Complementary policies needed rather than ETS weakening
According to the I4CE analysis, these challenges should not lead to weakening the ETS itself. Instead, policymakers should introduce complementary policies that protect industry while maintaining the integrity of the carbon market.
One proposed solution is strengthening the CBAM framework or extending it to downstream sectors in order to better address carbon leakage along industrial supply chains without weakening ETS.
Electrification and renewables seen as long-term advantage
The think tank also emphasized that Europe’s long-term industrial competitiveness depends on reducing reliance on imported fossil fuels and accelerating the deployment of low-carbon technologies.
Greater electrification of industrial processes, combined with expanded renewable energy capacity and declining energy storage costs, could create structural advantages for European manufacturers. France, for example, is considered well positioned due to its relatively large supply of low-carbon electricity and biomass resources.

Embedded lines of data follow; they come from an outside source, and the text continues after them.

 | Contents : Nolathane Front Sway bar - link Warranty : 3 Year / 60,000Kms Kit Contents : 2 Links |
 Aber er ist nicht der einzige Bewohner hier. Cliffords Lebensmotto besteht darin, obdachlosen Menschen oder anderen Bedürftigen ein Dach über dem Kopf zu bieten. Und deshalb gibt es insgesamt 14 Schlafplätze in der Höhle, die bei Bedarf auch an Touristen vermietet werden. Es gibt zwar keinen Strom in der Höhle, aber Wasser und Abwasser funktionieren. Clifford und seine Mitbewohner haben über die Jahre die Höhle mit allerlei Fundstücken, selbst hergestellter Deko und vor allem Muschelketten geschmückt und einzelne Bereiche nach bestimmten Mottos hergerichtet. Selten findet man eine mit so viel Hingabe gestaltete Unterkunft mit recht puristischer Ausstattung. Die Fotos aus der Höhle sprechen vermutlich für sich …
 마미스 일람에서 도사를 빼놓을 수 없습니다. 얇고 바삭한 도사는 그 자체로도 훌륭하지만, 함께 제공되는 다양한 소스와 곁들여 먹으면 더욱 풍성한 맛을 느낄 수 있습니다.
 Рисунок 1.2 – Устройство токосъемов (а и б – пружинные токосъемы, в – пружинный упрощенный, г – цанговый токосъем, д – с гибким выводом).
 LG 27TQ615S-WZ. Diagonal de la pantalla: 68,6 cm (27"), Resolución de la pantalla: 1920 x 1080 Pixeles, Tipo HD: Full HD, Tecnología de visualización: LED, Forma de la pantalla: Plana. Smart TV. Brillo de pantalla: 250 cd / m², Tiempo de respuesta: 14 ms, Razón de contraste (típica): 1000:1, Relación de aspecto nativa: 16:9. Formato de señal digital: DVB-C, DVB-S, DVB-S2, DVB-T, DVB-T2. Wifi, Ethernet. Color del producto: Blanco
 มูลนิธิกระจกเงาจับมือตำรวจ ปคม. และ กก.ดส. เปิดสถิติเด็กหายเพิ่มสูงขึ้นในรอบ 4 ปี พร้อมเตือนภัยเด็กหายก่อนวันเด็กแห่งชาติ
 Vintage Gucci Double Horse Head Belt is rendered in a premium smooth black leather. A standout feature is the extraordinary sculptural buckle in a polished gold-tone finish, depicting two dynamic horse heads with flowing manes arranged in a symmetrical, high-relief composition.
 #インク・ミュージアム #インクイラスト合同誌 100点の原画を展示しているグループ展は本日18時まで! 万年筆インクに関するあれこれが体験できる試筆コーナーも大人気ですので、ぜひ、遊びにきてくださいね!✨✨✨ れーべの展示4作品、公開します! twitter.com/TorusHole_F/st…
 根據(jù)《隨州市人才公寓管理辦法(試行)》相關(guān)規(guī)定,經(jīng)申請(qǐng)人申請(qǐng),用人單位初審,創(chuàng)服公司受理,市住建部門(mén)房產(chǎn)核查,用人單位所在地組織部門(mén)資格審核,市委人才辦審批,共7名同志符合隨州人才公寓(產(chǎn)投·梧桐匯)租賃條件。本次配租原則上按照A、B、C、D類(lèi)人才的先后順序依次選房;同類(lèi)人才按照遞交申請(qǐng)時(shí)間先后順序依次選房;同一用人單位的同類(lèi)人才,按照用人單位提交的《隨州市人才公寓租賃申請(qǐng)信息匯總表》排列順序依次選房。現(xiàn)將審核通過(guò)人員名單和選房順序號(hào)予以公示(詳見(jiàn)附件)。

Policy priorities for the next ETS phase
The authors identified several policy priorities for strengthening the system while supporting industry. These include maintaining the planned phase-out of free allowances to provide long-term regulatory visibility, using ETS auction revenues more strategically to fund industrial decarbonisation projects and expanding CBAM coverage to protect European supply chains.
They also warned against introducing a carbon price cap within the ETS. Artificially lowering the price of carbon could undermine investment incentives for clean technologies and weaken the economic case for decarbonisation projects. Instead, the economists suggested that a carbon price floor could provide greater predictability for industry while preserving incentives to reduce emissions.